La privatisation partielle par la Bourse compromise

 

Plus récemment, l’ouverture partielle (on parle de 20 %) du capital du CPA est également inscrit officiellement depuis maintenant plus de 3 ans à l’agenda des autorités financières algériennes. Annoncé en 2013, le programme d’entrée à la bourse d’Alger de 8 entreprises publiques, parmi lesquelles figure une seule banque, concerne aussi de grandes entreprises comme Mobilis.

 Il a connu un coup d’arrêt brutal, dès son premier coup d’essai, avec l’échec retentissant de la tentative d’introduction à la Bourse d’Alger de la Société des ciments d’Aïn-Kebira qui  a été déclarée infructueuse et retirée au printemps dernier faute de souscripteurs.

 Ce fiasco, qui semble compromettre pour au moins quelques années, l’ensemble de cette démarche, a certainement donné à réfléchir aux pouvoirs publics algériens qui paraissent avoir désormais changé leur fusil d’épaule.

 

Une privatisation dans le cadre d'un accord de gré à gré

 

Les indiscrétions dont a bénéficié, fin septembre dernier, l’agence Reuters de la part d’un "officiel algérien" semblent s’apparenter à une "fuite organisée". Tout se passe comme si les pouvoirs publics algériens avaient cherché à sonder d’éventuels partenaires internationaux dans le cadre d’une démarche qui semble avoir été redéfinie.

Il ne s’agit plus désormais de réaliser une ouverture du capital des banques publiques par le biais de la Bourse. Cette option est d’ailleurs bloquée par le cadre juridique actuel du fait de l’impossibilité pour les investisseurs étrangers d’acheter des actions à la Bourse d’Alger.

Le nouvel objectif est au contraire de négocier, de gré à gré, un ou plusieurs accords avec des banques internationales de référence en leur proposant d’entrer dans le capital des banques publiques.
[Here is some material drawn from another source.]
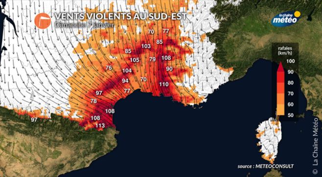 Sur les régions méditerranéennes, le mistral et la tramontane se lèvent et soufflent en tempête le soir, jusqu'à 120 km/h. Ce vent violent accentue le ressenti glacial.
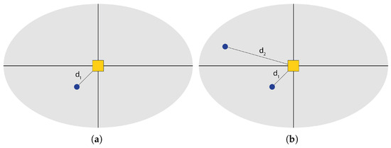 (a) The block grade is interpolated from a single sample at distance . (b) The block grade is interpolated using two samples at distances and . Although b contains more information and thus higher confidence, if resource classification relies solely on sample distance, a would be assigned greater confidence since is smaller than the average distance in b.

Les conditions d’une telle démarche viennent d’être précisées par l’exécutif algérien à la suite selon toute vraisemblance d’un "arbitrage au plus haut niveau".  Elle doit s’effectuer dans le cadre du 51/49 contrairement à ce qui avait été annoncé en septembre et ce qui était proposé par le ministère des finances lui-même.

 

Nos amis les chinois

 

Quelles banques internationales pourraient être intéressées par une telle démarche et à quelles conditions ? Nos sources dans ce domaine se montrent relativement sceptiques en ce qui concerne l’intérêt que pourraient manifester, dans le contexte financier actuel, de grandes banques occidentales pour une telle opération.

Elles croient plus à un accord avec d’éventuels partenaires chinois qui se montrent actuellement très "agressifs" le continent africain où elles ont récemment conclu plusieurs accords similaires (notamment en Afrique du Sud).

Une option qui ne devrait pas déplaire aux responsables économiques algériens qui ne perdent aucune occasion de vanter l’ "excellence" des relations avec le partenaire chinois.